Government and Central Bank join forces to fight against strengthening of koruna
The strong Czech crown has been causing concern for economists for several months now, as its value increases to record levels. This development has been extremely unfavourable for Czech exporters and the government and the Czech National Bank have joined forces in an effort to stop it. Vladimir Tax has the details.
Although the Czech Prime Minister Milos Zeman recently said that he had no objections to a strong crown, the expected massive foreign exchange proceeds from privatisation of the Czech power industry and Czech Telecom could send the crown even higher - this would seriously affect exports, one of the main driving forces of the Czech economy.
On Tuesday, the Prime Minister Milos Zeman, finance minister Jiri Rusnok and the Czech National Bank governor Zdenek Tuma met to discuss a strategy to prevent further appreciation of the Czech Crown. Although no details have been provided as yet, the news of such an agreement was enough for the market to react, although the initial drop was soon compensated for by renewed moderate growth. Another factor that helped bring the crown down were media reports on the likely postponement of the privatisation of the Czech power utility CEZ.
On Tuesday morning, the crown depreciated from 32.15 CZK/EUR to 32.35 CZK/EUR. Later in the day, it traded at around 32.30 CZK/EUR. In a long term comparison, two years ago, the crown stood at 37 crowns per euro and 42 crowns per US dollar, whereas now, it trades for around 35 crowns per dollar.
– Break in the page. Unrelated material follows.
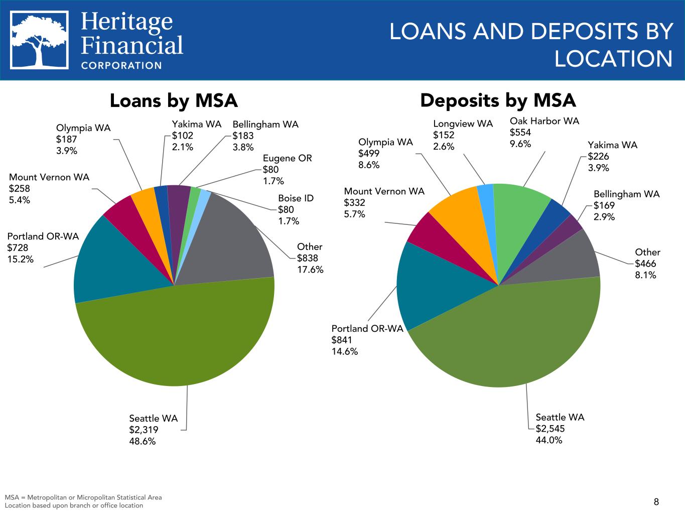 8笔按地点分列的贷款和存款MSA =基于分支机构或办公地点的大都市或小城市统计区域位置Seattle WA的贷款2,31948.6% Portland OR-WA $ 72815.2% Mount Vernon WA $ 2585.4% Olympia WA $ 1873.9% Yakima WA $ 1022.1% Bellingham WA $ 1833.8% Eugene或$ 801.7% Boise ID $ 801.7% Other $ 83817.6% Deposits by MSA Seattle WA $ 2,54544.0% Portland OR-WA $ 84114.6% Mount Vernon WA $ 3325.7% Olympia WA $ 4998.6% Longview WA $ 1522.6% Oak Harbor WA $ 5549.6% Yakima WA $ 2263.9% Bellingham WA $ 1692.9% O
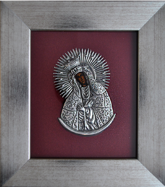 Produkt polski. Obraz w ramie drewnianej w kolorze srebrnym. Wizerunek wytłoczony w srebrnej blasze (próba 925), waga srebra 3-4g, osadzony na bordowym welurze. Całość zabezpieczona szkłem. Możliwość powieszenia lub postawienia.

Economists see three possible ways to reduce the impact of the privatisation revenues upon the exchange rate: Firstly, the Central Bank could buy up a certain amount of the foreign exchange from the government for Czech crowns. Second, the government could retain part of the privatization income for future foreign exchange expenditures. And finally, foreign investors could pay partly in Czech crowns.
Analysts say the crown's strength is mainly the result of the knock-on effect of high levels of foreign direct investment in recent years. While on the one hand, it encourages a rise in labour productivity, helps ensure price stability and keep interest rates down, on the other, it represents a major problem for exporters, as it makes Czech goods more expensive and therefore less competitive abroad. Yet there is a positive aspect even to this: as Prime Minister Milos Zeman said recently, it encourages exporters to raise productivity and be more innovative, which should help them prepare for keener competition once the Czech Republic joins the EU.